> [Instructions for the task] Leave out the pictures and repeat the data exactly.

> [Recorded information]

######

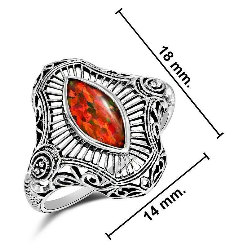 1CT Natural Red Fire Opal 925 Sterling Silver Filigree Ring Jewelry Sz 8 ZF-2
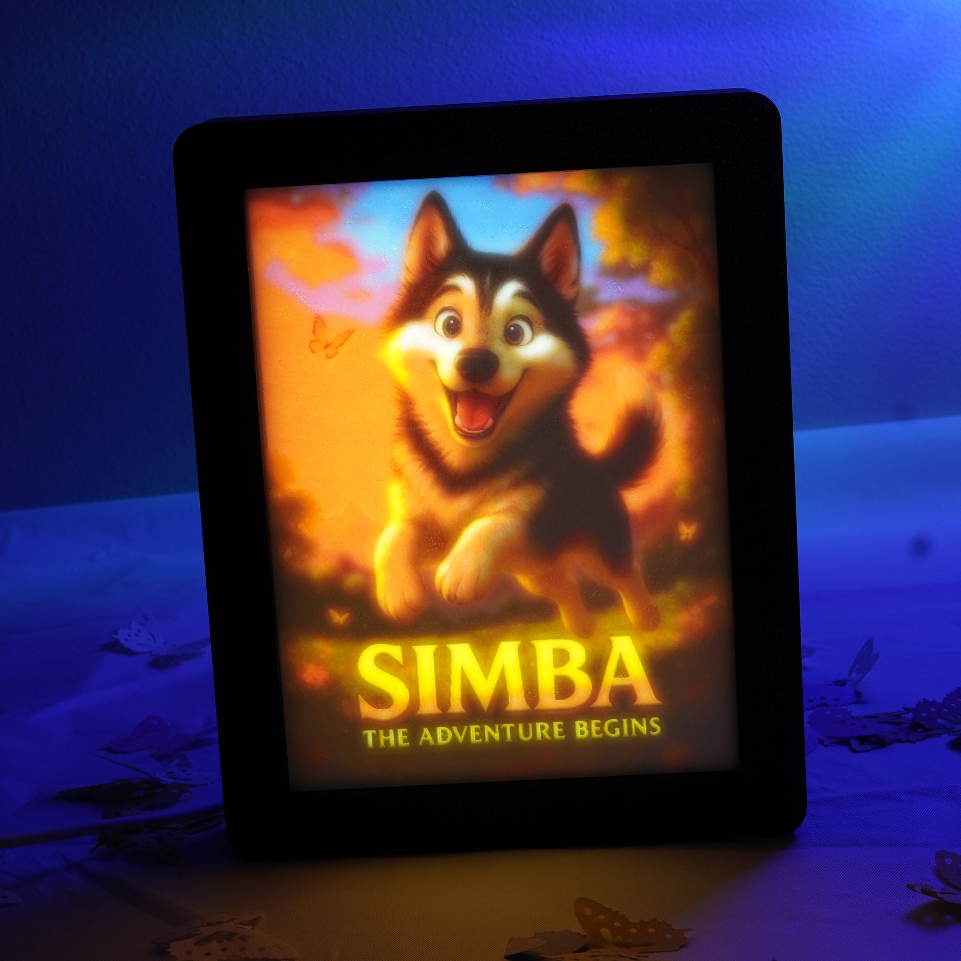 Disney-Style GlowBox™ – 3D Printed Frame with Personalized Movie Poster of Your Pet
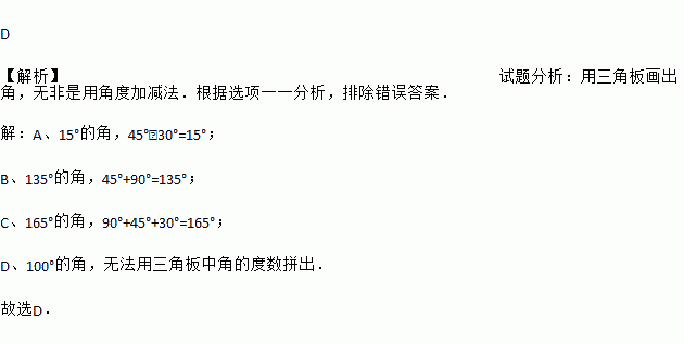 利用一副三角板上已知度数的角,不能画出的角是( )
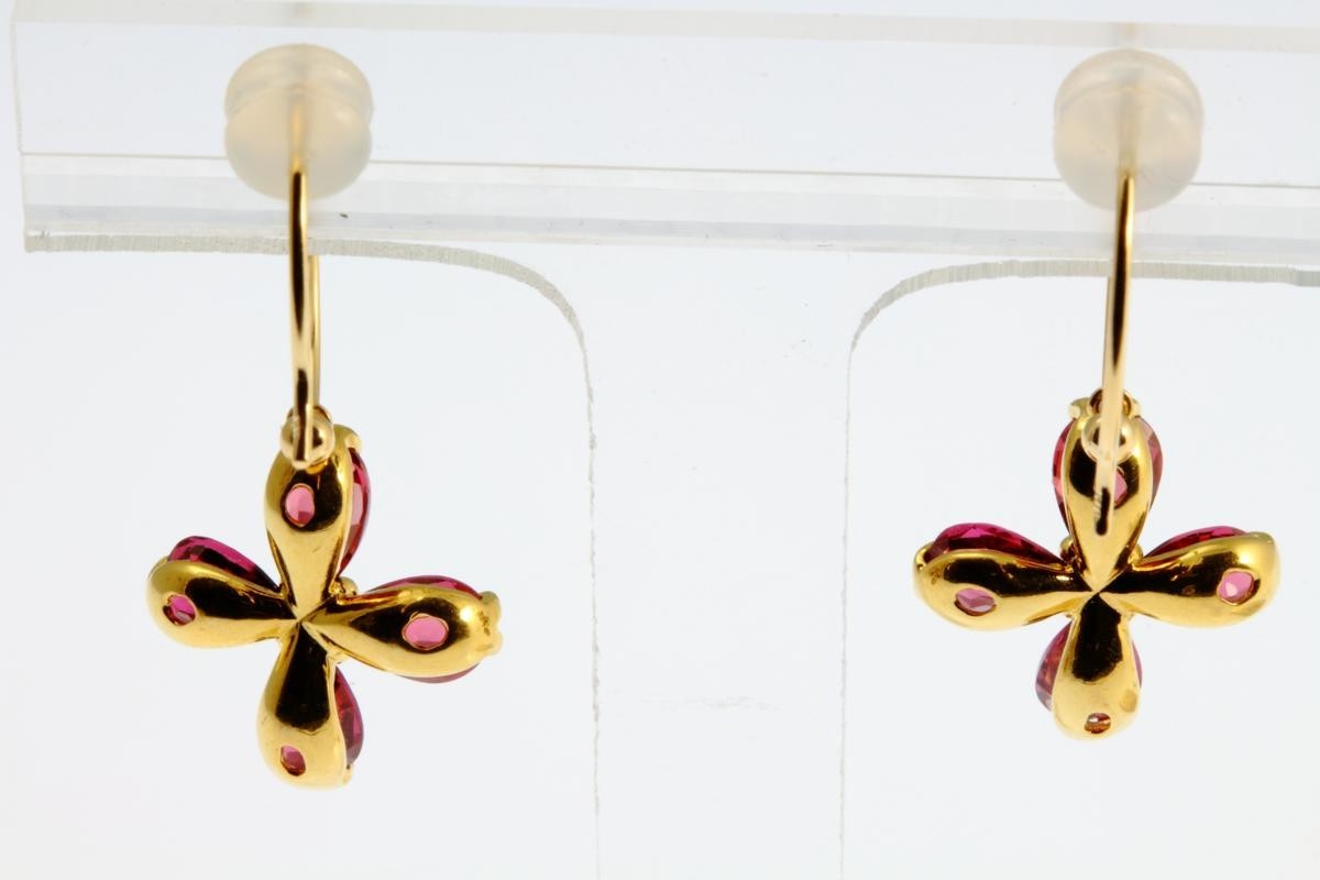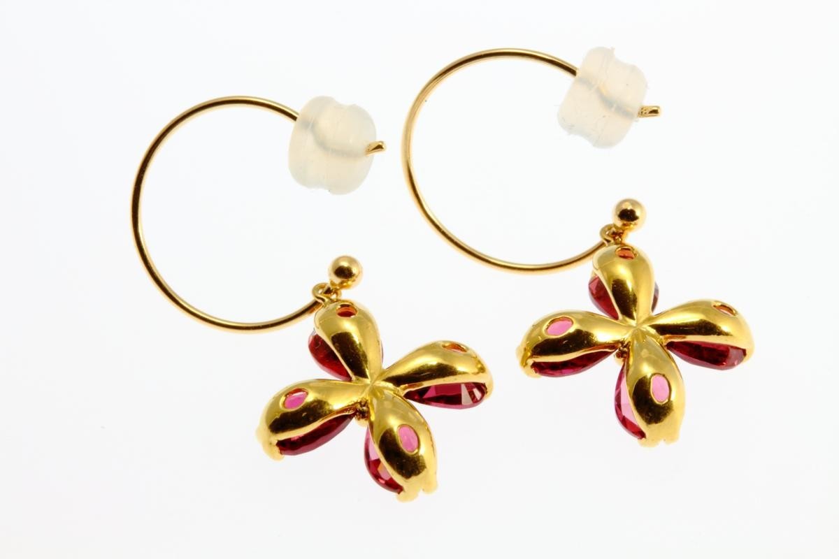 四つ葉 フラワー モチーフ ガーネット フック ピアス K18 取り外し可能 新品 レディース クローバー

######

> [Result for this task]
 1CT Natural Red Fire Opal 925 Sterling Silver Filigree Ring Jewelry Sz 8 ZF-2
 Disney-Style GlowBox™ – 3D Printed Frame with Personalized Movie Poster of Your Pet
 利用一副三角板上已知度数的角,不能画出的角是( )
 四つ葉 フラワー モチーフ ガーネット フック ピアス K18 取り外し可能 新品 レディース クローバー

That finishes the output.